Personal information
- Full name: James Joseph Waldorf Jr.
- Nickname: Duffy
- Born: August 20, 1962 (age 63) Los Angeles, California, U.S.
- Height: 6 ft 0 in (1.83 m)
- Weight: 225 lb (102 kg; 16.1 st)
- Sporting nationality: United States
- Residence: New Smyrna Beach, Florida, U.S.

Career
- College: University of California, Los Angeles
- Turned professional: 1985
- Current tour: PGA Tour Champions
- Former tour: PGA Tour
- Professional wins: 10
- Highest ranking: 35 (November 12, 2000)

Number of wins by tour
- PGA Tour: 4
- PGA Tour Champions: 2
- Other: 4

Best results in major championships
- Masters Tournament: T5: 1996
- PGA Championship: T9: 1992
- U.S. Open: T9: 1994
- The Open Championship: T18: 2002

= Duffy Waldorf =

American professional golfer (born 1962)

James Joseph "Duffy" Waldorf Jr. (born August 20, 1962) is an American professional golfer who plays on the PGA Tour Champions. He was previously a member of the PGA Tour, where he won four times.

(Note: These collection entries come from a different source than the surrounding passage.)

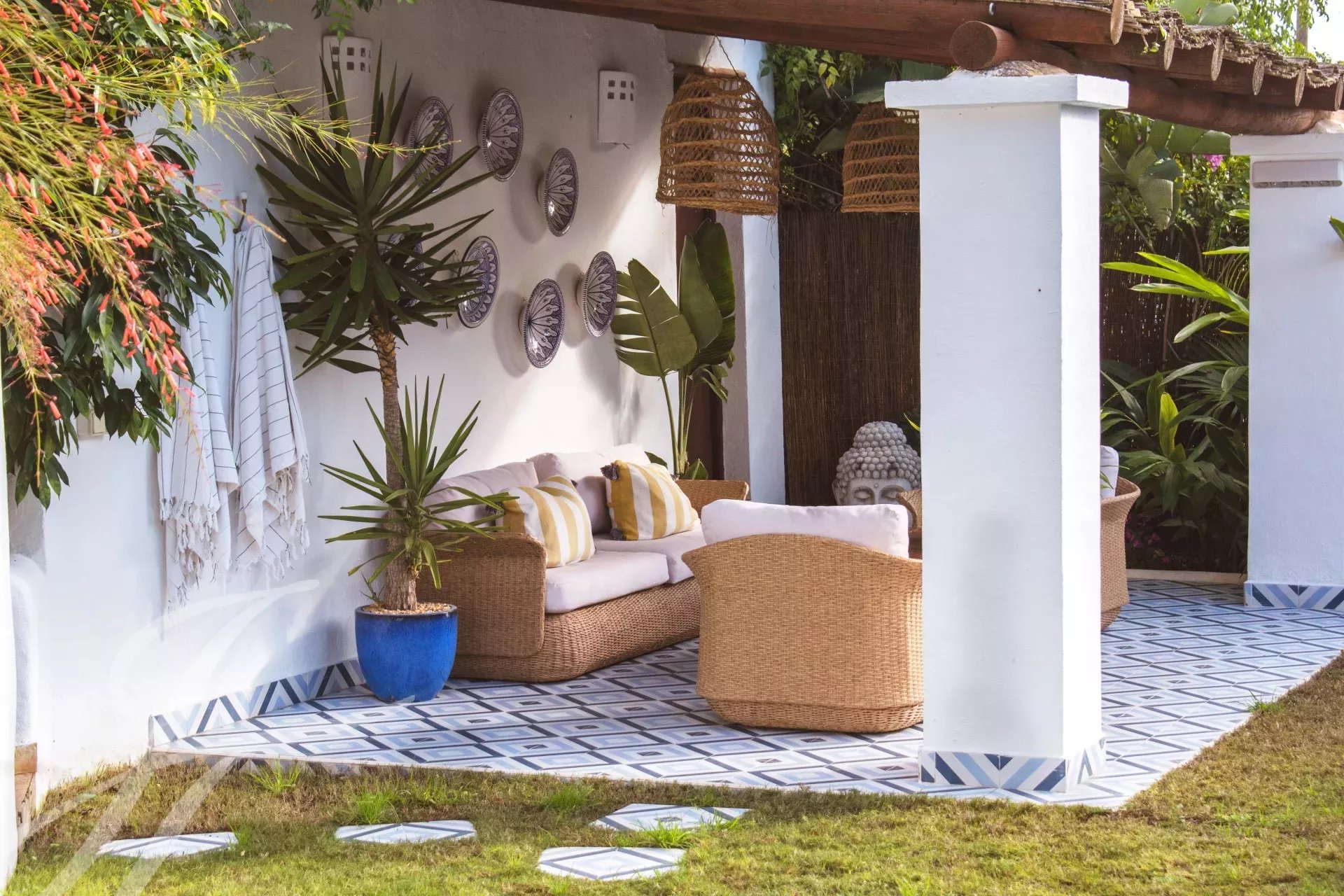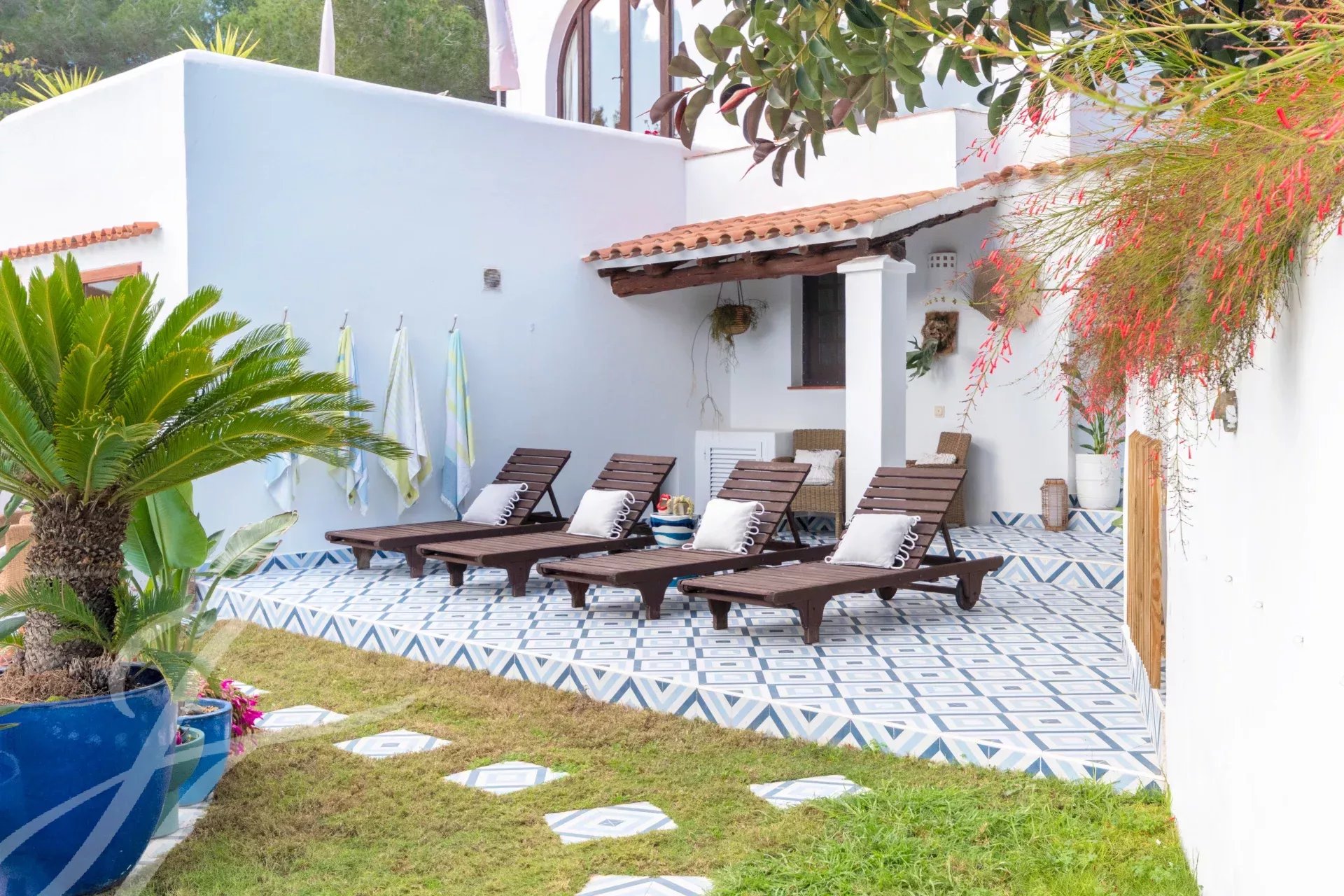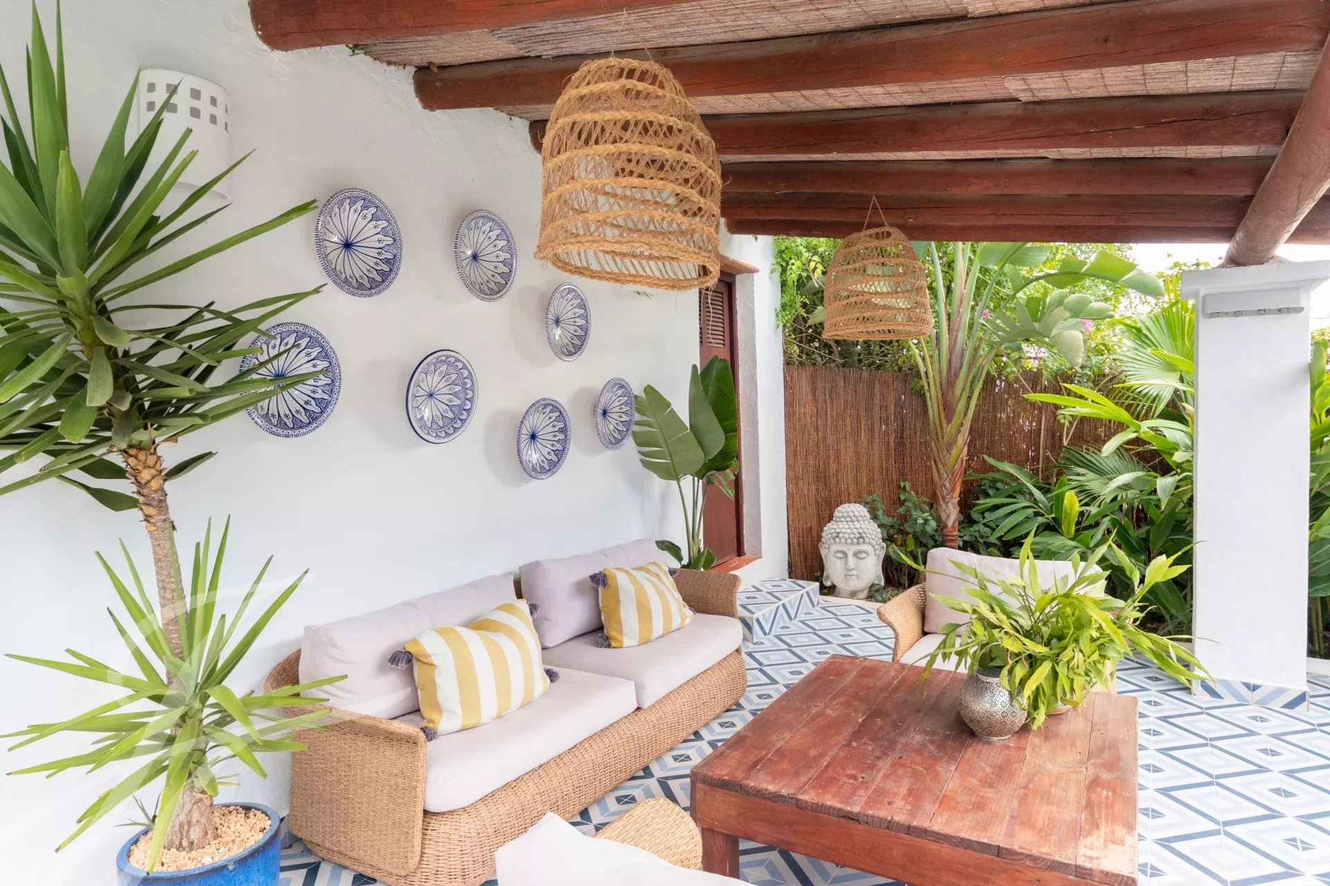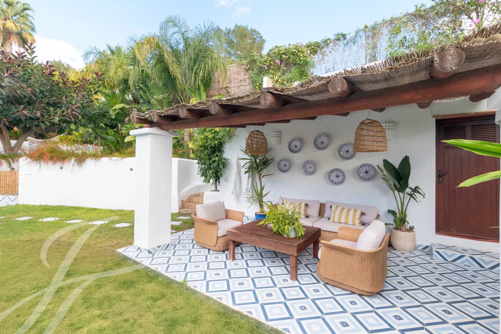 Cachée à Cala Llonga, cette propriété de 193 m² allie luxe moderne, design durable et cadre privé avec vue sur la mer. Le jardin, avec des arbres fruitiers et des terrasses tropicales, a été transformé en oasis grâce à un système d'irrigation avancé et une citerne de collecte des eaux pluviales.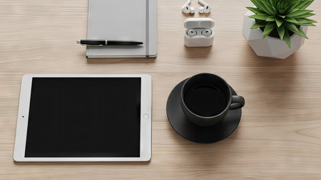An overhead shot showcases a workspace with a tablet, coffee cup, notebook, pen, and earbuds set on a wooden surface. The composition features neutral tones, with dark coffee contrasting against a light-colored desk and accessories. The image suggests a clean, uncluttered environment suitable for various commercial or editorial applications.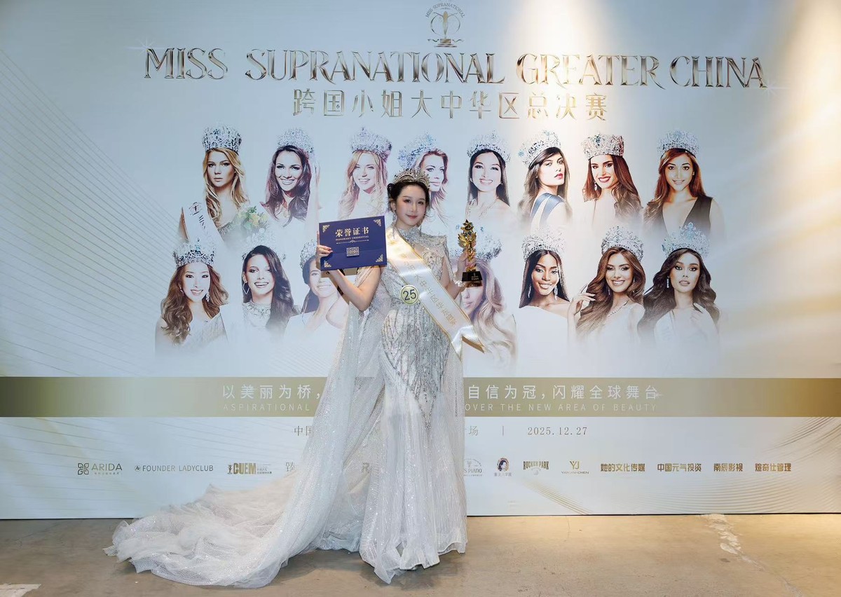 2025年12月27日,跨国小姐(Miss Supranational)大中华区总决赛华东冠军的桂冠花落钟酌妤。这场高规格赛事的出圈,不仅让她的人气稳步攀升,更让她的商业潜力被多方看见,成为品牌圈层备受看好的时尚宠儿。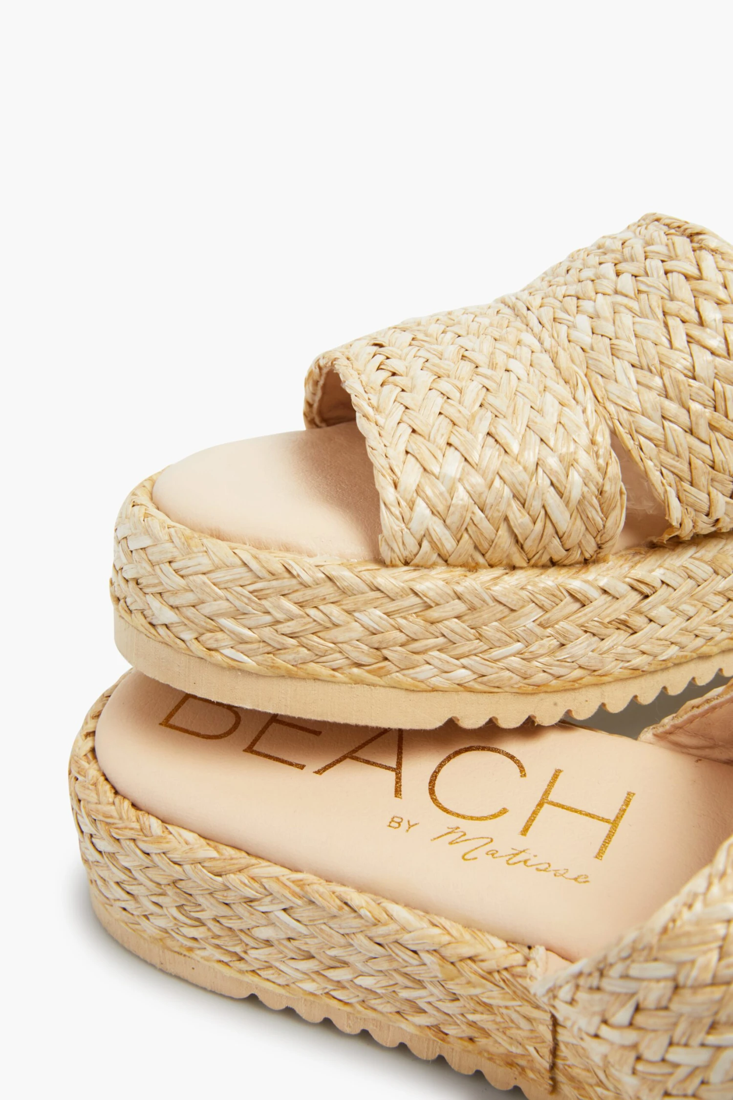 - Material: Raffia (upper), Synthetic (lining, sole)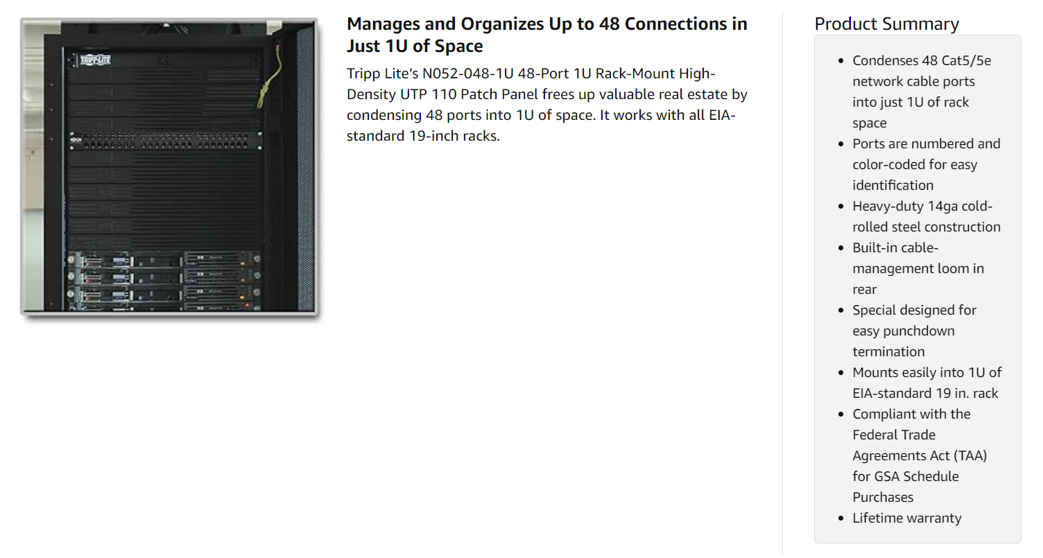 When you choose this Tripp Lite product, you get superior performance plus peace of mind. We’re so confident of its quality that we warrant it to be free from defects in material and workmanship for life! The N052-048-1U is also manufactured in compliance with strict RoHS specifications, reflecting Tripp Lite’s commitment to environmental responsibility.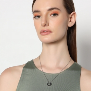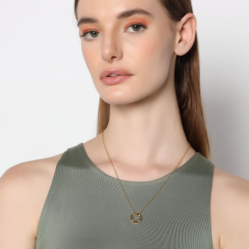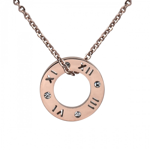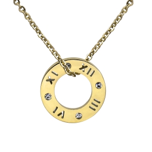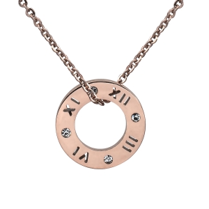 Lindo dije con cadena en acero inoxidable en color blanco, rosa o amarillo, diseño de aro con incrustaciones de cristales en color blanco.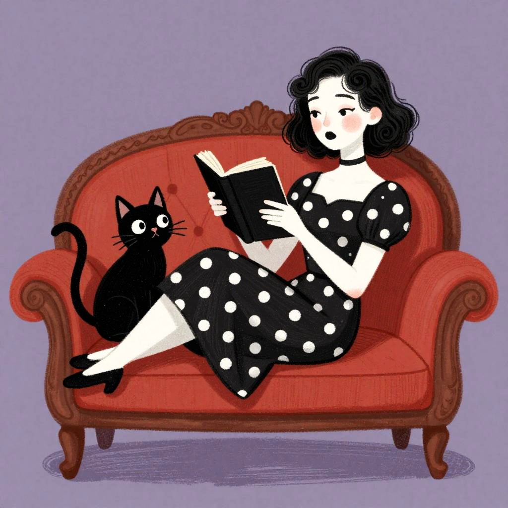 This is a digital drawing in a vintage, whimsical style. It features a pale-skinned woman with curly black hair, blushing cheeks, and black lipstick, wearing a black dress with white polka dots. She's lounging on a red, ornate couch, holding a black book, while a black cat with a curled tail sits beside her. The background is a muted purple.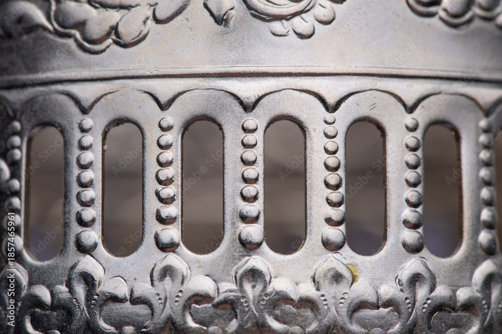 Fototapeta Close-up of details of a Soviet-era tea glass holder with handle featuring a flo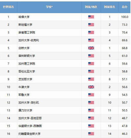 报道称,与此同时,请记住这是一份世界大学排行榜,而排在前10名的大学除了英国的牛津大学和剑桥大学两所大学之外,全部为美国大学。美国自2003年以来在完全可预测的大学排行榜上引领全世界大学。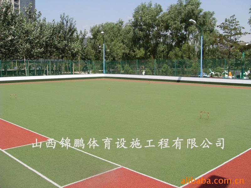 门球运动作为近几年新兴的一种体育运动,具有场地小、规则易懂、安全、战术多变、趣味性强等特点,并且这项运动可起到防病、保健等作用。因此我公司结合门球运动的特点,采PP卷曲草,为广大门球运动爱好者提供高标准的人造草坪门球场地。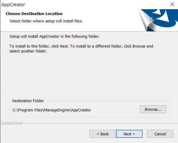 - Choose the destination folder location where your installated files will be added. Click Next to continue.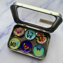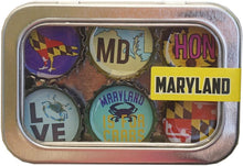 Six-pack set of Maryland themed magnets, made in the USA from recycled bottle caps. our magnetic expressions make fabulous and unique gifts and can be used in the kitchen, office or on any magnetic surface.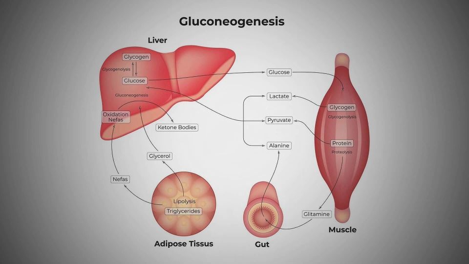 你的肝脏就像一个化学实验室。当压力激素升高,尤其是皮质醇时,它会向肝脏发出信号,让肝脏把葡萄糖释放到血液中。有时是分解储存的糖原,有时是通过一种叫“糖异生”的过程,从其他分子制造新的葡萄糖。简单说,就是身体自己“造糖”。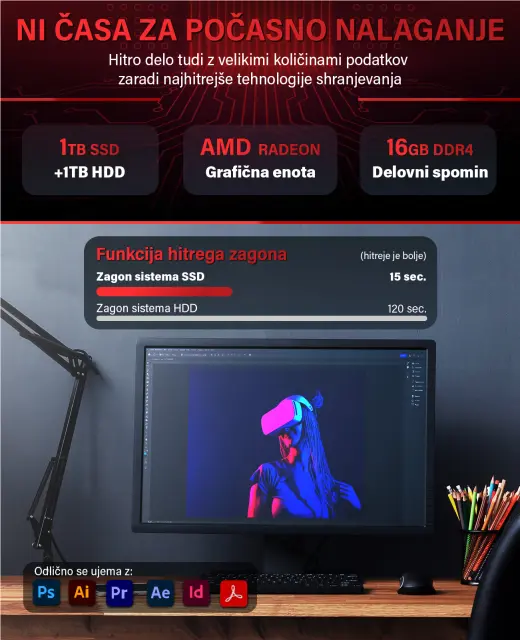 Greed® Ultra V2 PC - namizni / pisarniški računalnik - AMD Ryzen 7 5700G - 4,6 GHZ - 16GB RAM - 1TB SSD + 1TB HDD - DVD+RW - WLAN - Win11 Pro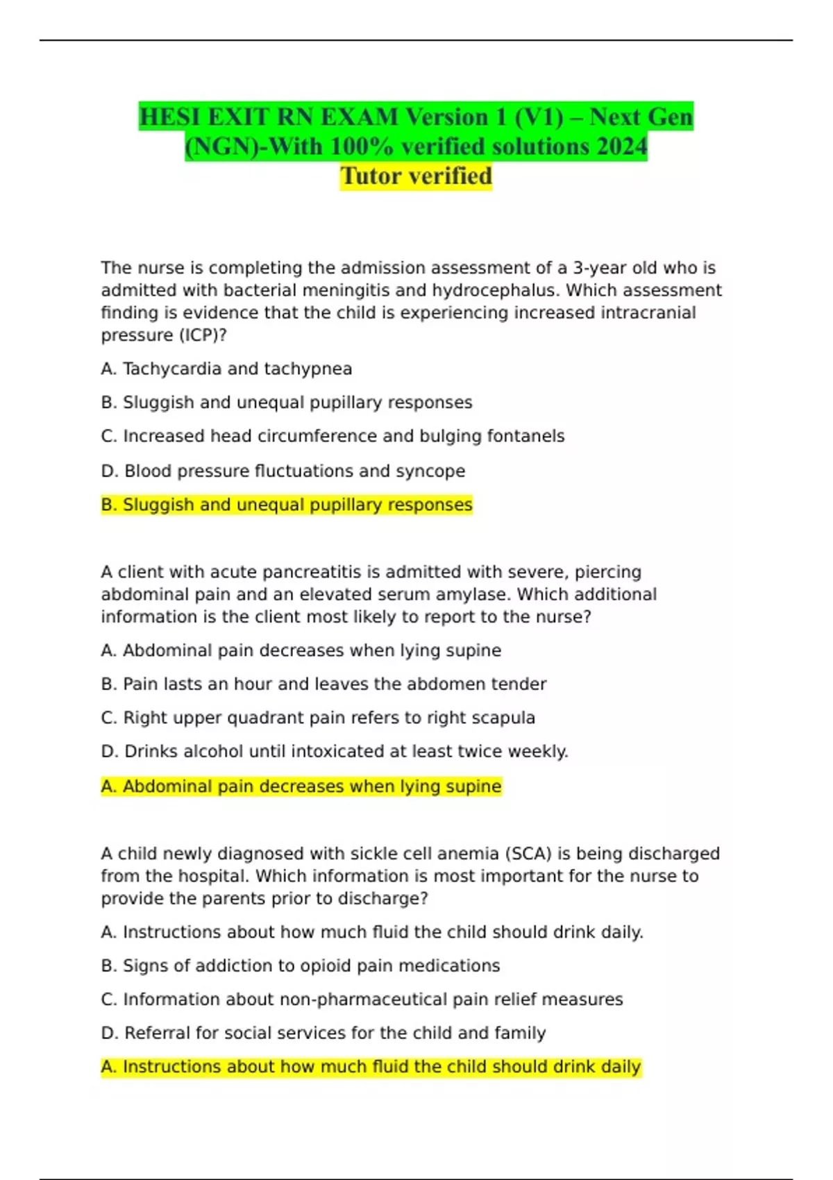 HESI EXIT RN EXAM Version 1 (V1) – Next Gen (NGN)-With 100% verified solutions 2024

==Early life and amateur career==
Waldorf was born in Los Angeles, California. He attended UCLA where he was on the golf team from 1982 to 1985. He was a two-time NCAA All-American, 1985 College Player of the Year, and was selected for the 1985 Walker Cup.

== Professional career ==
In 1985, Waldorf turned professional and joined the PGA Tour.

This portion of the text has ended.